Reports of atypical presentations of COVID-19 have been emerging as the SARS-CoV-2 pandemic has grown across the globe. Atypical presenting features refer to patients where the constitutional or respiratory symptoms are absent or minimal and other non-respiratory symptoms or signs are early or predominant features.
Studies have shown that the greatest risk factor for severe COVID-19 is increasing age, particularly patients with multimorbidity and/or higher frailty scores. Like many infections affecting elderly patients, COVID-19 can present as a non-specific decline. While most studies report elderly patients presenting with a fever and productive cough, this may be related to the case definition criteria being used to diagnose COVID-19. Elderly patients may in fact not develop the typical fever seen in SARS CoV-2 infection due to a blunted response caused by immune senescence.
Another unusual presentation of COVID-19 that appears to particularly affect the elderly population is “silent hypoxemia” where patients develop respiratory failure without signs of respiratory distress. This is an especially worrying presentation as patients may feel well and treatment may be delayed.

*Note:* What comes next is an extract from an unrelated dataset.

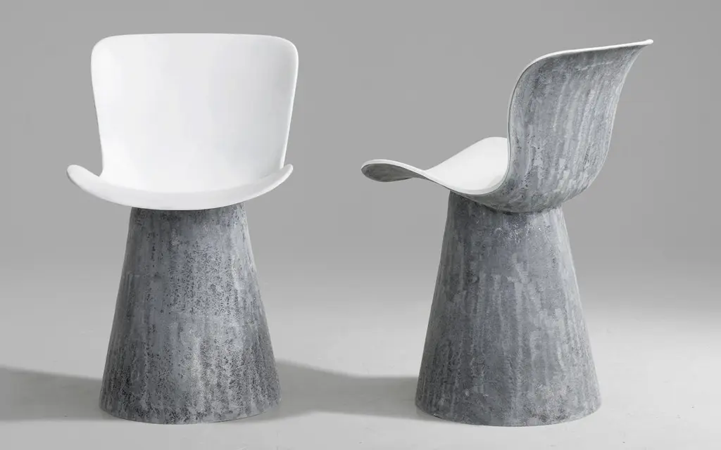 Pair of Equilibria chairs by ImperfettolabDimensions: 45 x 53 x H 76 cmMaterials: FibreglassImperfetto LabWho we are ? We are a family.Verter Turroni, Emanuela Ravelli and our children Elia, Margherita and Eusebio.All together, we are separate parts and their expansion.The laboratory is in the care of Verter.From the sketch on paper he mixes materials, shapes and colours to the definition of the object.His intuitive and visionary research is performed with the complicity, recognition and practical support of his brother Erich.Emanuela is the voice of a vivid and silent work.She connects Imperfettolab with the other and with the rest of the world, respecting its nature and identity.She watches over its wholeness and authenticity.The playful spirit is entrusted to our children.They are the ones who test our works, certify their durability, functionality and enjoyment.We believe it is their expression, after all, that validates and makes our work universal.Since 1992, our thoughts and actions have moved, grown and taken shape in the land of Romagna.Between hills of cherry and olive trees, cultivated plains and piles of recyclable steel and iron.In between, the ancient Roman road via Emilia.A contrasting and mutating landscape that reflects in our furnishing sculptures.Ours is an open space, the times of art and life seamlessly merge.
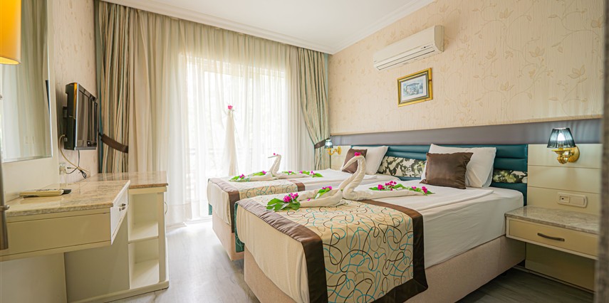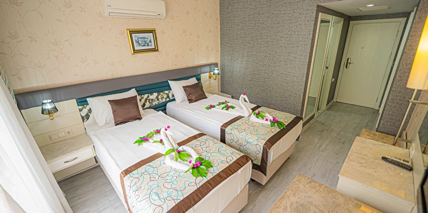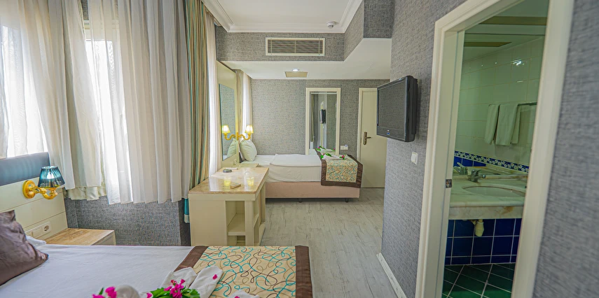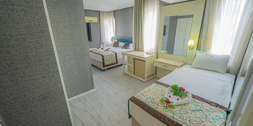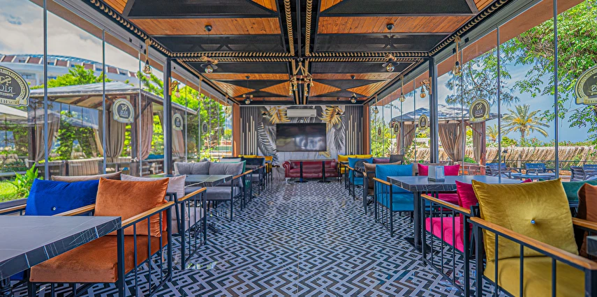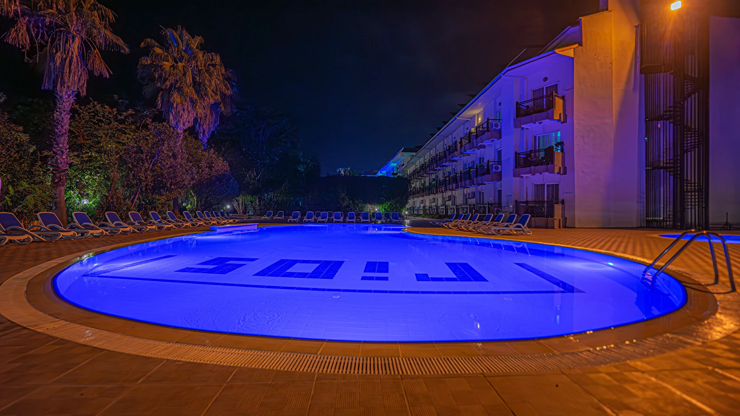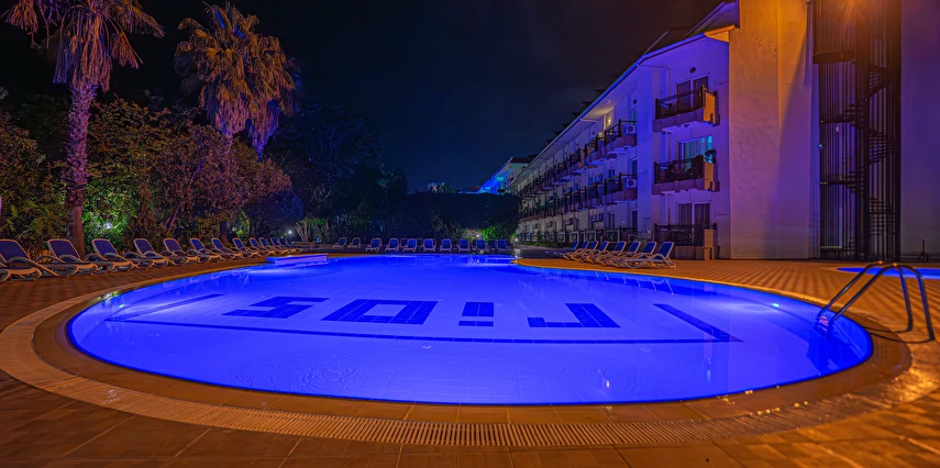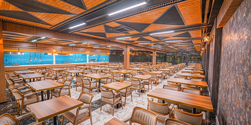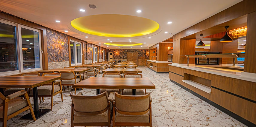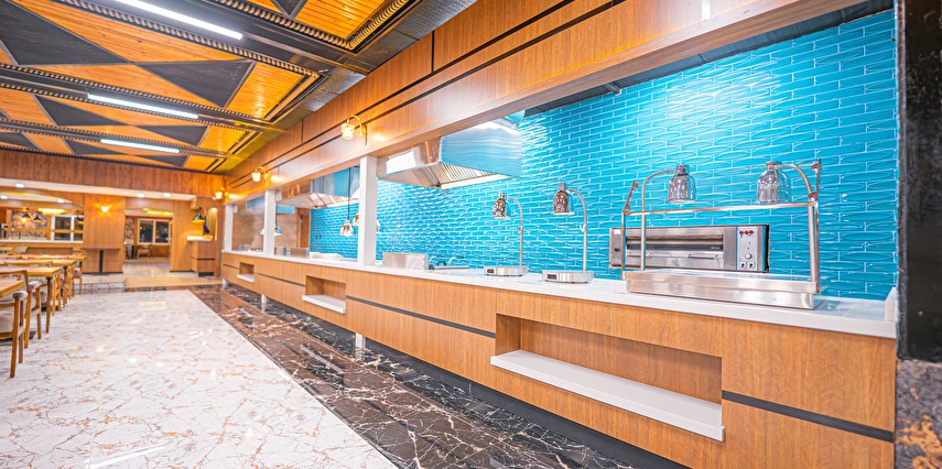 Sabah kahvaltısı, öğle ve akşam yemekleri açık büfe olup tesisin belirlediği markalar dahilinde yerli alkolsüz içecekler 10:00 ile 21:30 saatleri arasında ücretsizdir.

Delirium is another clinical manifestation and elderly patients may present with delirium during illness. Smell and taste dysfunction has been reported in 34%-59% of patients with COVID-19. The loss of smell usually presents early in the disease process.
- COVID-19 may present as viral pneumonia and is easily identified by pattern recognition of the typical respiratory symptoms
- A number of atypical presentations affecting a variety of organ systems have become apparent including anosmia (loss of sense of smell), diarrhea and neurological features
- Diagnostic reasoning using intuitive processes can rapidly identify typical COVID-19 cases in a pandemic situation but alternative cognitive processes are required to consider other COVID-19 “mimic” diagnoses
These are some things to consider as you assess your residents for signs and symptoms of COVID-19; they may not present with the same symptoms as a younger patient. Be tuned in, pay attention, understand the symptoms and when to throw up the flag. Remember, we are here to care for a frail population with multiple comorbidities and don’t want to miss the early signs of infection!